Last Tuesday was supposed to be CT scan day but it wasn’t. When he woke in the morning my husband was too weak to make the journey. Several phone calls later we had it sorted out. The CT scan was canceled and the blood work was set up to be drawn at the house the next day. You see we figured that he was too weak from a low hemoglobin and needed a transfusion so our GP arranged to have lab come to the house. The results were back to us by Wednesday about the hemoglobin – it was at 107 and no transfusion was required.
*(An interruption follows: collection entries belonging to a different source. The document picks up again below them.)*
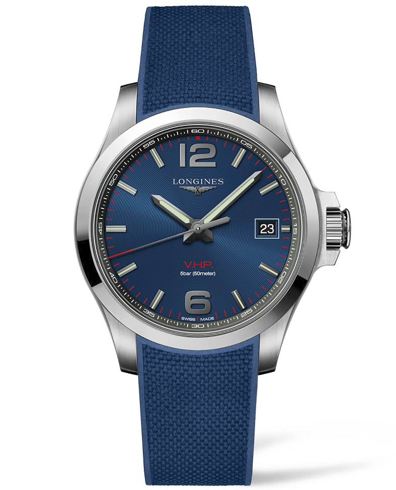 Мужские швейцарские часы Longines Conquest V.H.P. L3.716.4.96.9 станут гармоничным завершением образа. Синий ремешок из каучука стильно смотрится на запястье. Швейцарский кварцевый механизм L288 демонстрирует абсолютную точность хода. Устойчивое к царапинам сапфировое стекло имеет антибликовое покрытиеАнтибликовое покрытиеСлой оксида металла в 0,13-0,3 микрон, благодаря которому стекло часов не бликует и не отражает свет. Антибликовое покрытие уменьшает отражение света в 10 раз, обеспечивая отличную читаемость показателей циферблата.. Функции: вечный календарь, индикатор EOLEOLПредставляет собой систему, уведомляющую владельца часов о необходимости замены элемента питания. За 2 недели до полного разряда батарейки секундная стрелка перестаёт ходить чётко и начинает перепрыгивать на 3-4 деления., хронограф. Производство и сборка: Швейцария.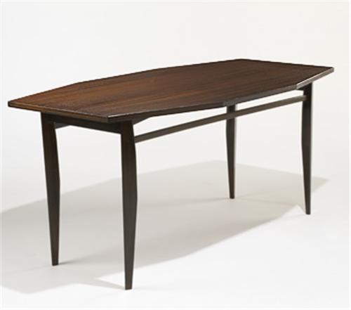 This dining set was custom made by Cassina for a private residence in Florence one year after the introduction of the Superleggera chair in 1957. The table top approximates the footprint of the Pirelli tower in Milan while the legs echo the angularity of the Superleggera frame. The set represents a rare embodiment of the weightless aesthetic first developed by Ponti with his legendary Superleggera chair. Sold with certificate from the Gio Ponti Archives.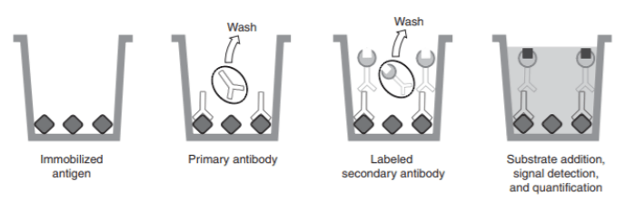 The following protocol is an example of indirect elisa. First, an unlabelled primary antibody binds specifically to the antigen.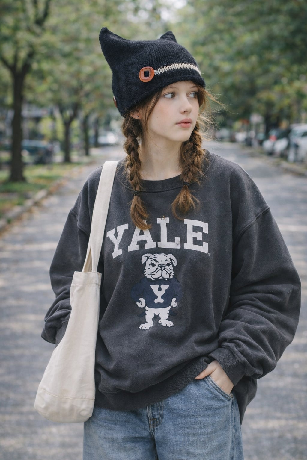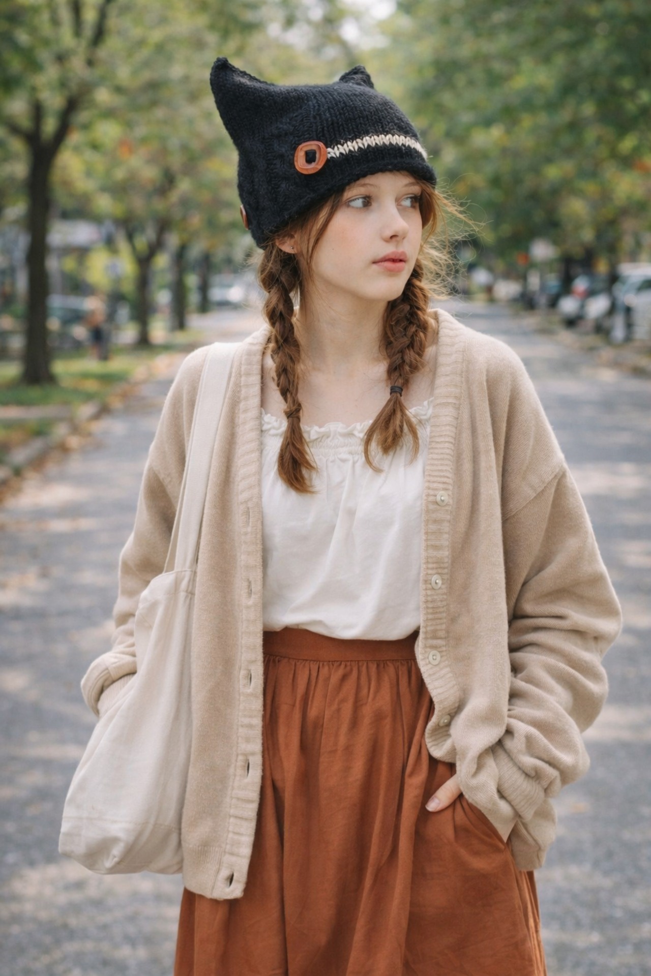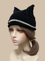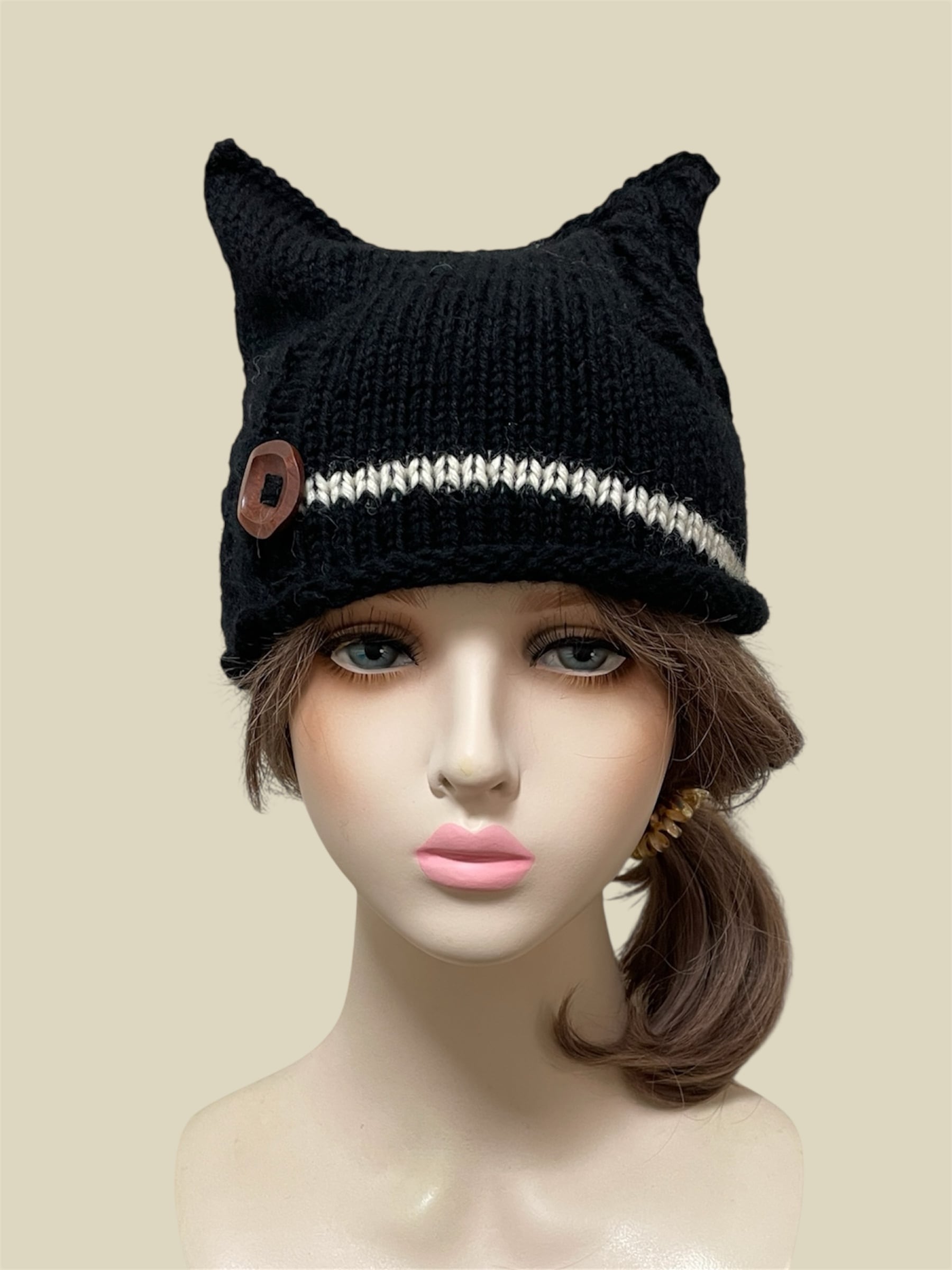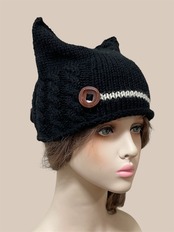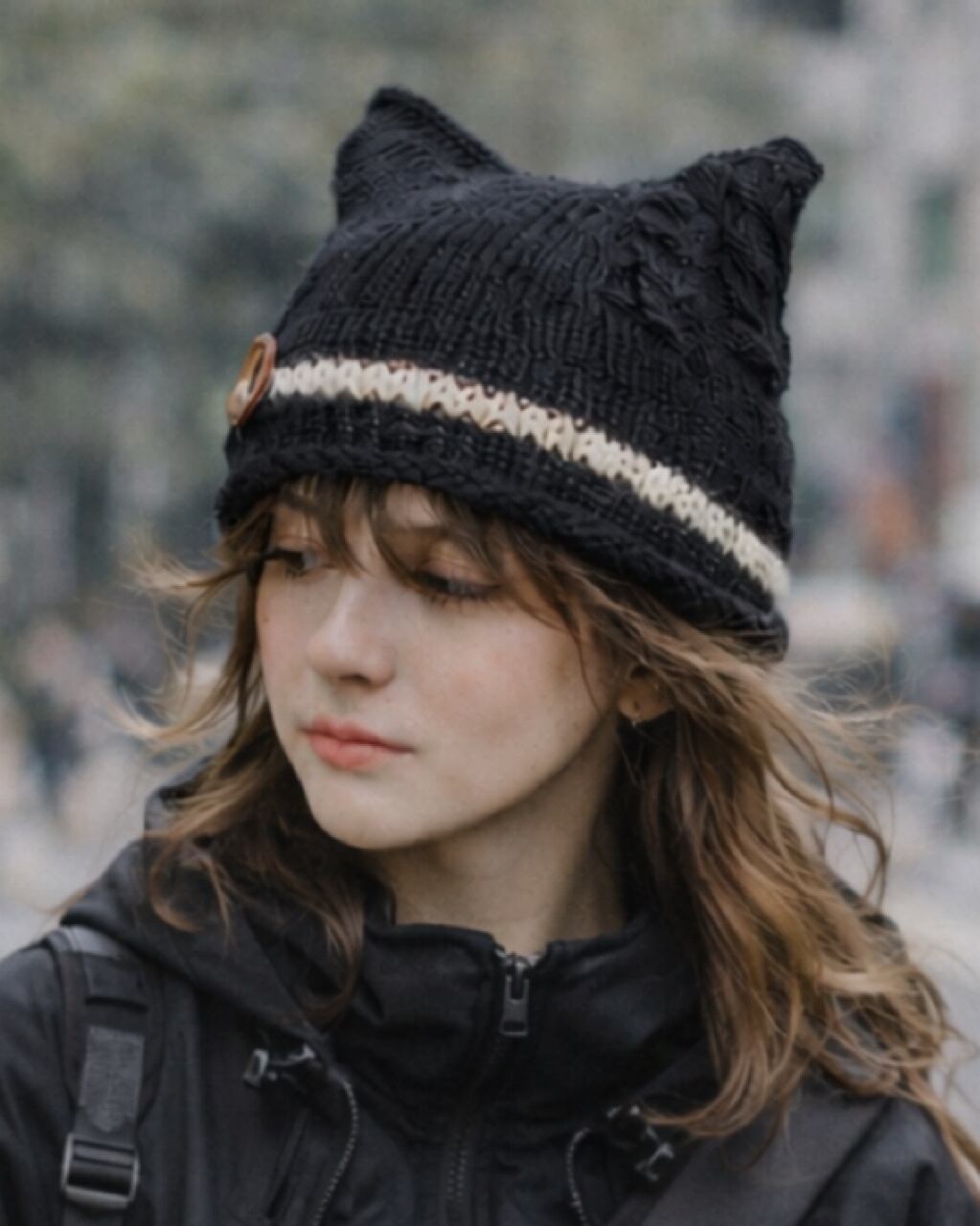 寒い日の外出に、さっと被れる猫耳ニット帽です。
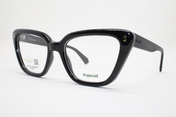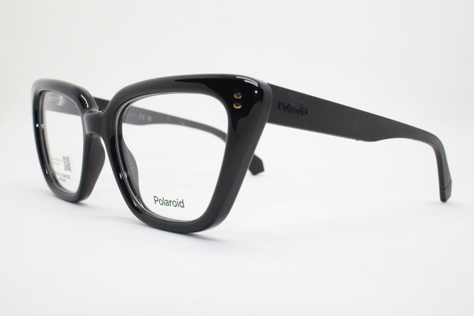 Aro de la marca Polaroid en acetato color negro brilloso con detalles dorados

On Thursday we heard from the GP. The white blood cell count was up and my husband was fighting an infection. This was something we suspected since he had just come off of antibiotics for pneumonia, however, his phlegm had gone from clear to yellow almost immediately after finishing the antibiotics. He figured he needed more to kick the pneumonia out. So as of Thursday he started another prescription. Unfortunately his breathing has gone completely downhill. Although he is on oxygen he still can’t catch his breath. He is wobbly and can’t walk more than two steps without being winded and needing to stop and rest.
I wish I knew what was happening to him. His visiting nurse says his lungs sound good, the phlegm he coughs up has responded to the new antibiotics and is almost clear again – but yet he feels tighter than ever in his chest. Is it the cancer? Is it fear? Is it both?
He has asked for no visitors right now since it exhausts him just to sit let alone try to have interest in conversation. His appetite is still passable but he has gone off of so many foods it is getting more and more challenging to find stuff he will eat. And then there is the companionship piece. He wants me in his line of vision at all times, not to talk, just to know I am there – which I am.
I hope the next day or two brings a rebound, if not physically perhaps emotionally. I just want to hear him laugh again.